The MSCI index of emerging market equities inched up 0.3%, while a corresponding currencies gauge was steady.
U.S. President Donald Trump's special envoy, Steve Witkoff and son-in-law Jared Kushner were set to meet President Vladimir Putin to discuss a possible way to end the deadliest European conflict since World War Two.
Meanwhile, Ukraine launched an offer to investors to swap $3.2 billion of complex and costly GDP warrants for international bonds on Monday, in a bid to emerge from sovereign default. The news sent the warrant more than 4 cent higher on Tuesday to 97.4 cents on the dollar, their highest level in over four years, according to Tradeweb data.
Renewed attempts to end the Russian war in Ukraine have bolstered emerging markets with equities ending last week up over 2%, following a sharp tech-led selloff in mid-November that dampened global sentiment and sent shares plunging.
Still, doubts remain on what a potential peace deal could look like and who might emerge as a winner in the negotiations.
"Developments in the Russia-Ukraine peace talks remain the most relevant topic... as U.S. Special Envoy Steve Witkoff meets with President Putin today, we should gain a clearer sense of how close we are to any agreement," ING analysts said in a note.
"The market is still pessimistic about progress in the negotiations, and a possible agreement would provide a boost to FX across the CEE region."
CENTRAL BANK UPDATES TAKE THE SPOTLIGHT
The Turkish Central Bank said it had decided to take simplification steps regarding reserve requirement regulations, revising FX reserve requirement ratios.

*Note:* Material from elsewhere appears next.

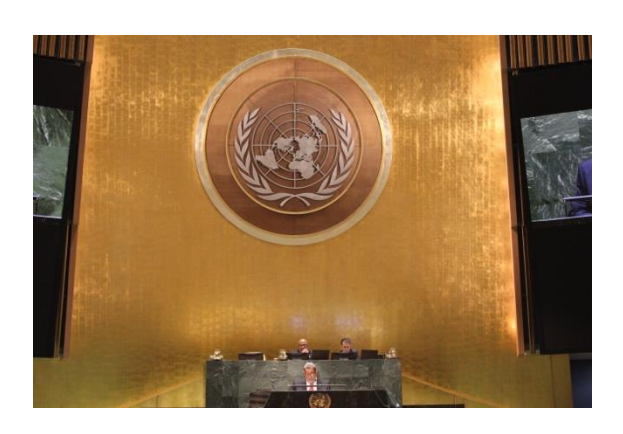
Scenes from the Honourable Prime Minister's addressing the General Assembly

Video footage of the Honourable Prime Minister being escorted to the podium.

The lira was flat against the dollar while equities edged up 0.2%.
The country's 5-year credit default swap dropped to 232 bps, lowest since May 2018, according to S&P Global Market Intelligence.
The National Bank of Poland is widely expected to lower interest rate by 25 bps to 4% on Wednesday with inflation data showing the November rate fell within the central bank's target range, while wage growth rates were slower than expected. The zloty slackened 0.3% against the euro.
Poland's WIG20 Index dropped 1.3%. Polish shares of Santander Bank were down 5.8% after the Spanish lender sold a stake in its Polish subsidiary through an accelerated bookbuild. Allegro shares fell 3.2% after shareholders sold shares of the country's largest e-commerce company.
Czech equities rose 0.5% while the krona ticked down. The central bank's most likely outcome at the final policy meeting of the year is to keep rates stable, Governor Ales Michi told news website Novinky.cz.
Over in Asia, South Korea's KOSPI Index jumped 1.9% after the U.S. Commerce Secretary confirmed Washington would lower the general tariff rate on imports from South Korea to 15%, retroactive to November 1.